The next generation of leaders will resound the same themes when we hear from former Desmond and Mary Ann Lee and DeWitt and Caroline VanEvera Foundation Scholar, Gabe Bullard, who, after interning on Late Night with Conan O’Brian and graduating with a degree in Journalism from Webster in 2007, has gone on to achieve his own individual excellence as Director of News and Editorial Strategy at Louisville Public Media. I invite us to take a moment to recall 4 donors whose memory we honor as they passed from us in the past year:

Marianne Knaup, BA ‘67

  • Alumna – BA Education
  • Trustee from 1998-2007

Raymond Slowiak

  • DWS Member since 1987

Audrey Dietrich, BA ‘45

  • Alumna
  • Parent of Webster alumnus, Paul Dietrich
  • DWS Member since 1989
  • Legacy Society Member

Marita Woodruff, BFA ’49 –

  • Former Sister of Loretto
  • Alumna – Conservatory
  • Faculty – Conservatory from 1957-1998
  • Chair of Webster’s Theatre Arts from 1959-1969
  • Theatre Director - Helped found the Repertory Theatre
  • Helped develop & design the Loretto-Hilton
  • Legacy Society Member

[Moment of silence]

Lastly, before we close the evening with the superb talents of a few of our esteemed Conservatory students, you will hear from the awe-inspiring Rachel Kaufer. Rachel, the 2012-2013 Harry J. Cargas Scholar and this year’s Art Sandler Memorial Scholar, has focused her studies and the next chapter of her life on international human rights and the dream of becoming a researcher for a major human rights organization.

Throughout her college career at Webster, Rachel was thrilled to study in Geneva, just a short train ride away from the United Nations, and went on a transformative educational excursion to Rwanda for two weeks with a small group of classmates and two professors. She followed this impressively focused educational track all while maintaining a position on Webster’s women’s volleyball team. I know you are excited to hear from our esteemed speakers as much as I am.

Now, I would like to invite Dr. Julian Schuster, Provost and Senior Vice President, to the stage to share with you what Webster’s distinct Global Citizenship Program Curriculum has already made possible in its recent implementation and how it uniquely prepares our students to be successful in the world that awaits them.

Thank you, President Stroble. I have the privilege of introducing to many of you tonight the unique aspects of our Global Citizenship Program curriculum, or GCP.

As President Stroble has said in the past, “There was a day when access to a globally focused education was considered a luxury. Today, it’s a necessity for our graduates if they are to remain competitive in the global marketplace.”

This necessity that President Stroble speaks of becomes more pressing each year, which is one reason global citizenship is a key component of our mission.

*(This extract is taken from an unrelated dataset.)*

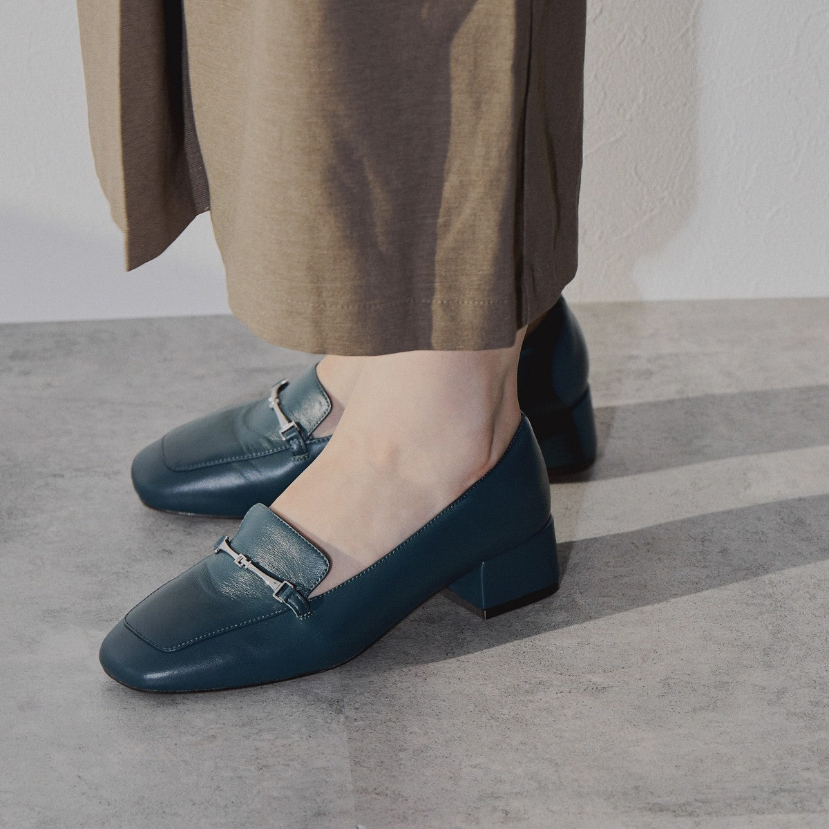 華奢なゴールドのビットモチーフが女性らしいヒールローファー。

We say this mission is to transform students for global citizenship and individual excellence. Transformation requires curiosity, courage and commitment — qualities that we seek and develop in our students, particularly with our distinct GCP core curriculum. Armed with these qualities, our students will not only understand the world, they will also be capable of making it better.

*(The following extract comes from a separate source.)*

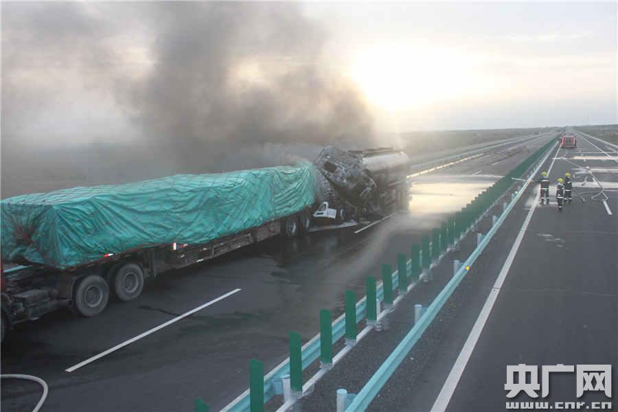 央廣網(wǎng)精河6月13日消息(記者張雷 通訊員賀桂景 陳熙)昨天凌晨6時(shí)17分,新疆博爾塔拉蒙古自治州消防支隊(duì)119接警中心接到報(bào)警:G30連霍高速3961路段精河往伊犁方向一油罐槽車(chē)與重型半掛車(chē)追尾起火,內(nèi)有高標(biāo)號(hào)甲醇50.4立方米,火勢(shì)猛烈,嚴(yán)重威脅到僅距50余米?寇(chē)輛以及下車(chē)圍觀群眾。

Through its Global Citizenship Program, Webster University is poised as a leader in the development of globally focused educational curriculum.

So, these are some lofty words. But what do they mean on a practical level, and why did our faculty jump on the opportunity to create it?

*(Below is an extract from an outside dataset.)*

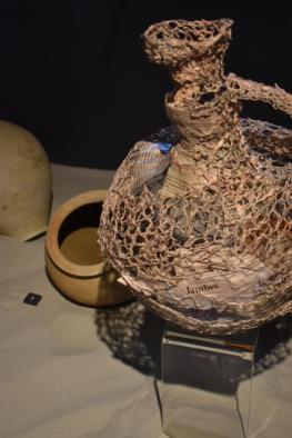 Posé sur la vitrine du meuble voisin, une oeuvre étonante de Cécile Ahn attire notre attention, la reproduction d’une poterie antique, … en papier de récupération tricoté. Concernant son long travail créatif, fort de gestes répétitifs, elle écrit : « J’utilise des papiers de récupération : des journaux, des magazines, … Ce matériau de base que tout le monde a chez soi, je le transforme patiemment en fil. J’obtiens des pelotes que je tricote par la suite avec des points de base… »

The GCP is an effective 30 credit hour general education program specifically designed beginning in 2009 to ensure that every undergraduate student emerges from Webster University with the core competencies required for responsible global citizenship in the 21st century.

It is the product of Webster’s faculty converging to design a curriculum rooted in research and national best practices with the exceptional level of expertise, professionalism and care that they bring to their students in the classroom. Through sheer determination of our faculty, the GCP curriculum was developed and approved within two years by the Faculty Assembly in Spring 2011, and students began study in the GCP in 2012, at campuses in St. Louis, Cha-am, Geneva, Leiden, London and Vienna. I say this is an exceptional timeframe, as curriculum development, acceptance and implementation at this caliber traditionally takes 7-10 years, but the faculty dedication to this development is unmatched.

Focused on integrative, experiential learning strategies in courses specifically designed to allow students to apply their skills and knowledge to real world issues, GCP is unique in the U.S. – unique in the world.

GCP utilizes a three phase purposeful pathways sequence, including a First Year Seminar, courses that address knowledge, communication, critical thinking, ethical reasoning, global understanding, intercultural competence and integrative thinking, and concludes with a Global Keystone Seminar.

The Global Keystone Seminar, which includes opportunities such as the Real World Survivor, serves as a capstone for the GCP and also prepares students to succeed in culminating work in their major.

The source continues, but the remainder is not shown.